- Born: 1987 or 1988 (age 37–38) Princeton, New Jersey, U.S.
- Education: University of Maryland, College Park (BA); Seton Hall University (JD);
- Occupation: Federal prosecutor
- Political party: Republican

= Desiree Leigh Grace =

American federal prosecutor (born 1988)

Desiree Leigh Grace (born 1987 or 1988) is an American federal prosecutor.

==Early life and education==
Desiree Leigh Grace was born in 1987 or 1988. Grace attended Hopewell Valley Central High School. She graduated from the University of Maryland, College Park and the Seton Hall University School of Law, where she was the managing editor of the Seton Hall Law Review.

==Career==
Grace clerked for New Jersey Supreme Court chief justice Stuart Rabner and United States Court of Appeals for the Third Circuit judge Morton Ira Greenberg. She was a litigation associate in the product liability and the business litigation practices at McCarter & English for two years.

In 2016, Grace began working in the United States Attorney's Office as an assistant attorney. She was named as the acting head of the violent crimes unit in August 2020, became the acting head of the criminal division two years later, and was named as the permanent head of the criminal division in March 2024. After being sworn in, Alina Habba, the acting United States attorney for the District of New Jersey, appointed Grace as her first assistant in April 2025. She represented the federal government in litigation involving the Newark immigration detention center incident.

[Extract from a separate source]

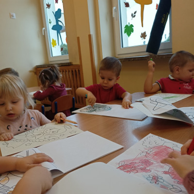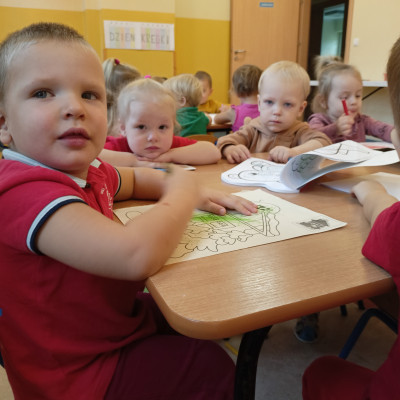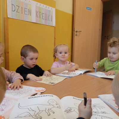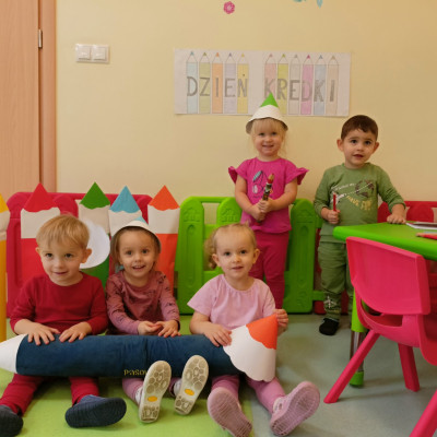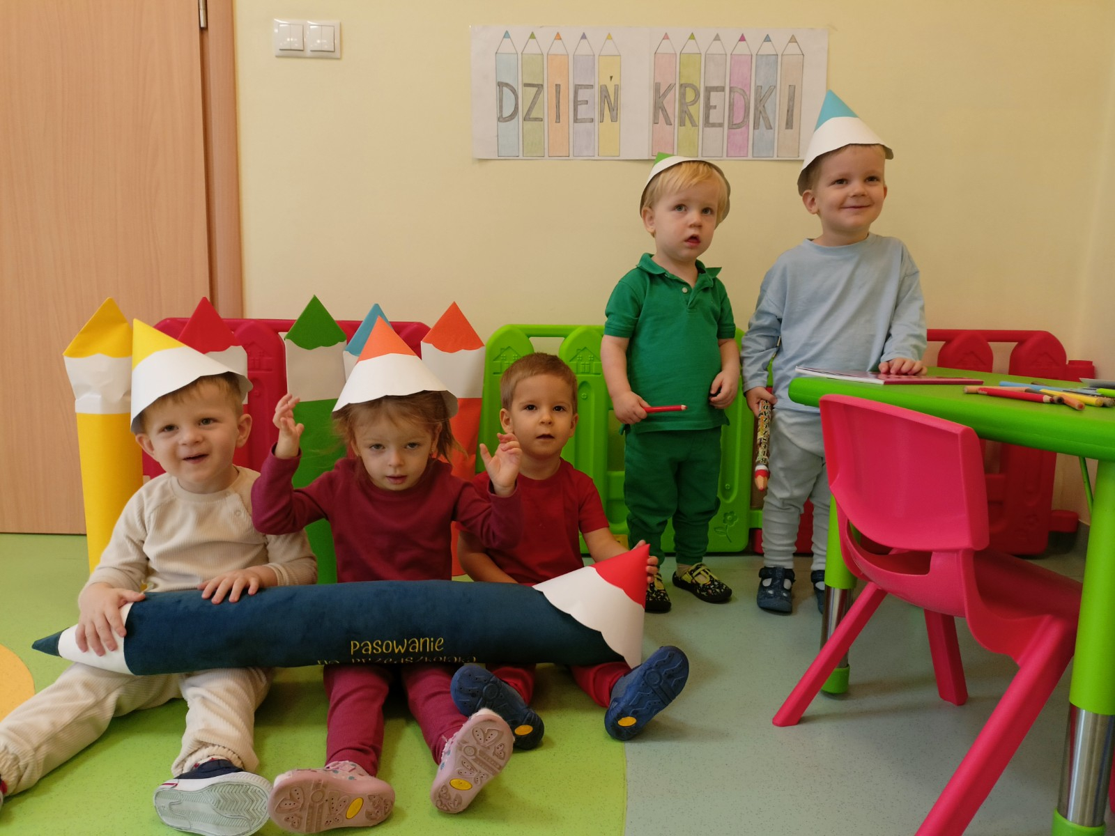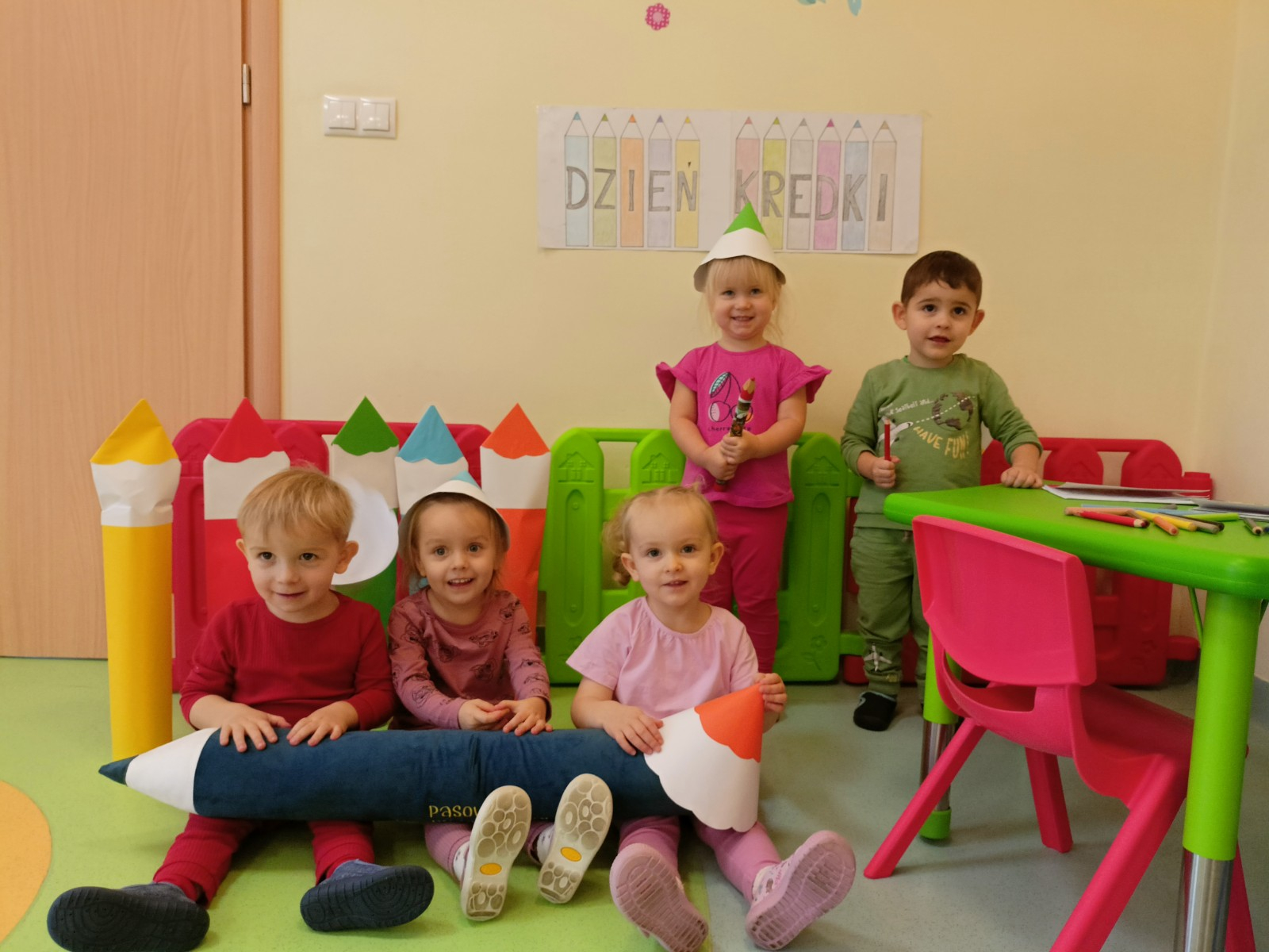 Dzień Kredki. W tym dniu odbyło się wspólne kolorowanie kredkami oraz zabawa i piosenki towarzyszyły nam przez cały dzień. Było bardzo ciekawe i kolorowo.Wszystkie dzieci były ubrane na swój ulubiony kolor.

By July 2025, Alina Habba, the acting United States attorney for the District of New Jersey, appeared unlikely to be appointed to the position by a panel of judges on the District Court for the District of New Jersey. The judges invoked an authority to appoint Grace as the acting attorney to occupy the vacancy after Habba's term ends while a nominee is confirmed by the United States Senate. Hours later, Grace received an email stating she was fired as First Assistant U.S. attorney; attorney general Pam Bondi announced the move on X. Nonetheless, Grace has asserted on her LinkedIn page that she will accept the position when Habba's term ends "according to the law". On July 24, Habba announced that the Trump administration had withdrawn her nomination, allowing her to become the acting attorney for approximately seven months and denying Grace the position.

==Personal life==
Grace is a registered Republican.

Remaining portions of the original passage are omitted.